UNITED STATES

SECURITIES AND EXCHANGE COMMISSION

Washington, D.C. 20549

 

FORM 8-K

 

CURRENT REPORT

 

Pursuant to Section  13 or 15(d) of

The Securities Exchange Act of 1934

 

Date of Report (Date of earliest event reported): June 6, 2022

 

Modiv Inc.

(Exact name of registrant as specified in its charter)

 

Maryland
  001-40814
  47-4156046
(State or other jurisdiction of incorporation)   (Commission File Number)   (I.R.S. Employer Identification No.)

 

120 Newport Center Drive
   
Newport Beach, California   92660
(Address of principal executive offices)   (Zip Code)

 

Registrant’s telephone number, including area code: (888) 686-6348

 

None

(Former name or former address, if changed since last report)

 

Check the appropriate box below if the Form 8-K filing is intended to simultaneously satisfy the filing obligation of the registrant under any of the following provisions:

 


Written communications pursuant to Rule 425 under the Securities Act (17 CFR 230.425)


Soliciting material pursuant to Rule 14a-12 under the Exchange Act (17 CFR 240.14a-12)


Pre-commencement communications pursuant to Rule 14d-2(b) under the Exchange Act (17 CFR 240.14d-2(b))


Pre-commencement communications pursuant to Rule 13e-4(c) under the Exchange Act (17 CFR 240.13e-4(c))

 

Securities registered pursuant to Section 12(b) of the Act:

 

Title of each class   Trading Symbol(s)   Name of each exchange on which registered  
Class C Common Stock, $0.001 par value per share
  MDV
  New York Stock Exchange
 
           

7.375% Series A Cumulative Redeemable Perpetual Preferred Stock, $0.001 par value per share
  MDV.PA
  New York Stock Exchange
           

Indicate by check mark whether the registrant is an emerging growth company as defined in Rule 405 of the Securities Act of 1933 (§230.405 of this chapter) or Rule 12b-2 of the Securities Exchange Act of 1934 (§240.12b-2 of this chapter).

 

Emerging growth company 

 

If an emerging growth company, indicate by check mark if the registrant has elected not to use the extended transition period for complying with any new or revised financial accounting standards provided pursuant to Section 13(a) of the Exchange Act. 




 

 

Item 1.01. Entry into a Material Definitive Agreement.

 

On June 6, 2022, Modiv Inc. (the “Company”) and Modiv Operating Partnership, LP, the Company’s operating partnership, entered into an At Market Issuance Sales Agreement (the “Agreement”) with B. Riley Securities, Inc., Robert W. Baird & Co.

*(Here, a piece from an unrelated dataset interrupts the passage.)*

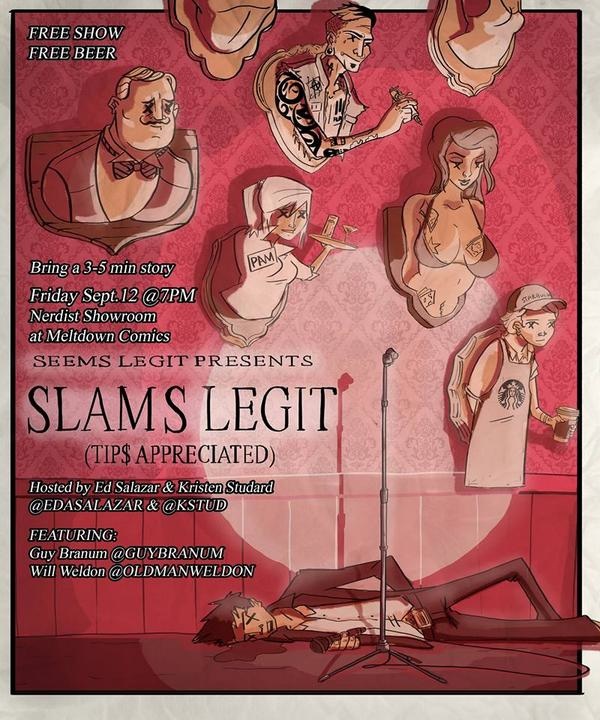 It’s outrageous storytelling only this time YOU will be getting involved. TOMORROW, September 12, at NerdMelt Showroom the Seems Legit will be doing a special edition of their show where an audience member may get the opportunity to tell a story or flat out lie to everyone. It’s SLAMS LEGIT! Come prepared with a 3-5 minute tale pertaining to the “Tips Appreciated” theme. Names will be drawn randomly and one person will be the liar. It might be a good idea to think up a true story and a most fib-licious one, as well. Bwahahahaha! The comedic judges for the evening will include Will Weldon and Guy Branum. Ed Salazar and Kristen Studard will be hosting all the fun. Invite your friends and come down for one hell of a Friday!

Incorporated, BMO Capital Markets Corp., Colliers Securities LLC, EF Hutton, division of Benchmark Investments, LLC, Janney Montgomery Scott LLC, Ladenburg Thalmann & Co. Inc. and Truist Securities, Inc. (each, a “Sales Agent,” and collectively, the “Sales Agents”), pursuant to which the Company may offer and sell, from time to time through the Sales Agents, shares of its Class C common stock, $0.001 par value per share (the “Shares”), having an aggregate offering price of up to $50,000,000. Any Shares offered and sold in the offering will be issued pursuant to the Company’s effective shelf registration statement on Form S-3 (File No. 333-263985), which was declared effective by the Securities and Exchange Commission (the “SEC”) on June 2, 2022, and a prospectus supplement, dated June 6, 2022, which the Company filed with the SEC pursuant to Rule 424(b)(5) under the Securities Act of 1933, as amended (the “Securities Act”). Under the Agreement, the Sales Agents may sell Shares by any method permitted by law and deemed to be an “at-the-market” offering as defined in Rule 415 promulgated under the Securities Act.

 

The offering of Shares pursuant to the Agreement will terminate upon the earlier of (a) the sale of all of the Shares subject to the Agreement or (b) the termination of the Agreement by the Sales Agents or the Company, as permitted therein.

 

The Company will pay to the Sales Agents, upon each sale of Shares pursuant to the Agreement, an aggregate amount up to 2.2% of the gross proceeds from each such sale, unless such Sales Agent acts as principal, and has agreed to provide the Sales Agents with customary indemnification and contribution rights. The Company will also reimburse the Sales Agents for certain specified expenses in connection with entering into the Agreement.

 

The Company intends to use the net proceeds raised through any “at-the-market” sales primarily for funding acquisition opportunities, for other direct or indirect acquisitions of, or investments in, real estate and real estate-related assets, and for general corporate purposes, which may include leasing incentives, tenant improvements, capital expenditures, working capital and repayment of indebtedness.

 

The foregoing description of the Agreement is not complete and is qualified in its entirety by reference to the full text of the Agreement, a copy of which is filed herewith as Exhibit 1.1 and is incorporated herein by reference. The legal opinion of the Company’s counsel regarding the validity of the Shares that will be issued pursuant to the Agreement is also filed herewith as Exhibit 5.1.

 

This Current Report on Form 8-K shall not constitute an offer to sell or the solicitation of an offer to buy the Shares, nor shall there be any offer, solicitation, or sale of the Shares in any state in which such offer, solicitation or sale would be unlawful prior to registration or qualification under the securities laws of any such state.

 

Item 9.01.   Financial Statements and Exhibits.

 

(d) Exhibits

 

1.1 At Market Issuance Sales Agreement by and among Modiv Inc., Modiv Operating Partnership, LP, B. Riley Securities, Inc., Robert W. Baird & Co. Incorporated, BMO Capital Markets Corp., Colliers Securities LLC, EF Hutton, division of Benchmark Investments, LLC, Janney Montgomery Scott LLC, Ladenburg Thalmann & Co. Inc. and Truist Securities, Inc., dated June 6, 2022

5.1 Opinion of Venable LLP

23.1 Consent of Venable LLP (included in the Opinion of Venable LLP filed as Exhibit 5.1)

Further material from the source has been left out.